Je loopt met hypermobiliteit wat meer kans op ‘verstuikte’ gewrichten tijdens het sporten dan mensen zonder hypermobiliteit. Ook je schouder schiet wat sneller ‘uit de kom’ of je knieschijf gaat wat sneller van zijn plaats. Je krijgt ook eerder klachten bij activiteiten die je vaak herhaalt.

Je arts stelt de diagnose op basis van je klachten en het lichamelijk onderzoek. Als dat nodig is, laat je arts bloedonderzoek doen of röntgenfoto’s maken.

Bloedonderzoek en röntgenfoto’s laten bij hypermobiliteit geen afwijkingen zien.

Het komt voor dat er een andere aandoening in het spel is. Een bekende erfelijke aandoening die ook hypermobiliteitsklachten geeft, is het Ehlers Danlos syndroom. Als je huisarts het vermoeden heeft dat de oorzaak van je klachten door deze aandoening wordt veroorzaakt, dan krijg je een verwijzing naar een klinisch geneticus.  Een klinisch geneticus is gespecialiseerd in het vaststellen en behandelen van erfelijke aandoeningen.

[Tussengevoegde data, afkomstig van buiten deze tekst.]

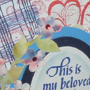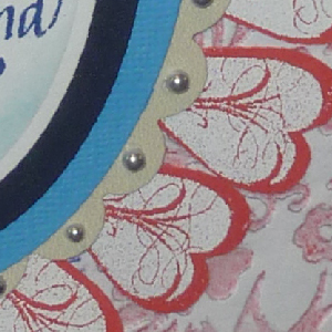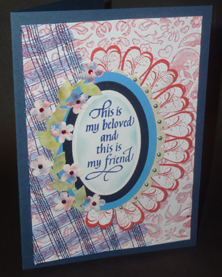 Score & fold the dark blue cardstock to make a 5"w x 7"h side folded card. Ink up embossing folder on the high points with Worn Lipstick, carefully place white cardstock down and close folder, run through embossing machine and clear emboss. Trim piece down to size to have about a 1/4" border all around card. Lay a piece of netting on the diagonal, wrap towards back and adhere in place with double sided tape. Layer on to card. Die cut 3 sequential ovals, smallest from white cardstock, then dark blue metallic, then medium toned blue Bazzil. Stamp the quote on the white one with blue stamp pad, clear emboss. Sponge some Broken china around the edges. Layer all 3 on top of each other, centering them. Die cut a scalloped oval to fit the previous largest die cut oval. Adhere to oval layers, off setting it so the scallops peek out more on the right. Stamp the smaller flourished heart with a pigment ink and emboss with Detail White 10 times on the backside of the red cardstock. Cut around each, leaving a small red border around stamping. Adhere to oval/scallop assembly, tucking the first and last heart deeper behind ovals, and spacing them evenly. Adhere this assembly to card. Punch out a 2 pattern piece of the flower trim in a pretty floral color, then do the same with a greenish tone. Cut the flowers off on the green piece. Adhere this piece to the floral colored punch out, matching all edges. Cut some of the petals away from the vine trim, so the sprig can be shaped to the contour of the ovals. Adhere to ovals. Final touch, add small red rhinestones to centers of flowers and small silvery/blue half pearls in the scallops. |

Bekijk de plaatjes hieronder en stel jezelf de volgende vragen. Kun je:

  • je pinken 90° of verder overstrekken?
  • je duimen tegen je onderarm leggen?
  • je ellebogen met 10° overstrekken?
  • je knieën met ongeveer 10° overstrekken?
  • als je voorover buigt je handen plat op de grond leggen zonder je knieën te buigen?

Is het antwoord op de meeste van bovenstaande vragen ‘ja’? Dan ben je waarschijnlijk hypermobiel.

Hypermobiliteit testen

Er is weinig bekend over het verloop van hypermobiliteit. Wel is het duidelijk dat je bij hypermobiliteit meer kans hebt op overbelasting van je gewrichten.

Ook heb je een groter risico dat je als gevolg van die overbelasting artrose ontwikkelt.

Meer informatie over artrose

Medicijnen

Er zijn geen medicijnen om hypermobiliteit tegen te gaan. Wel zijn er medicijnen die pijnklachten verminderen zoals paracetamol.

Als je gezwollen en ontstoken gewrichten hebt, schrijft je (huis)arts wel eens ontstekingsremmende pijnstillers(NSAID’s) voor.
Lees meer over NSAID’s

Behandelaars

Wat de beste behandeling is bij hypermobiliteit hangt af van de klachten die je hebt.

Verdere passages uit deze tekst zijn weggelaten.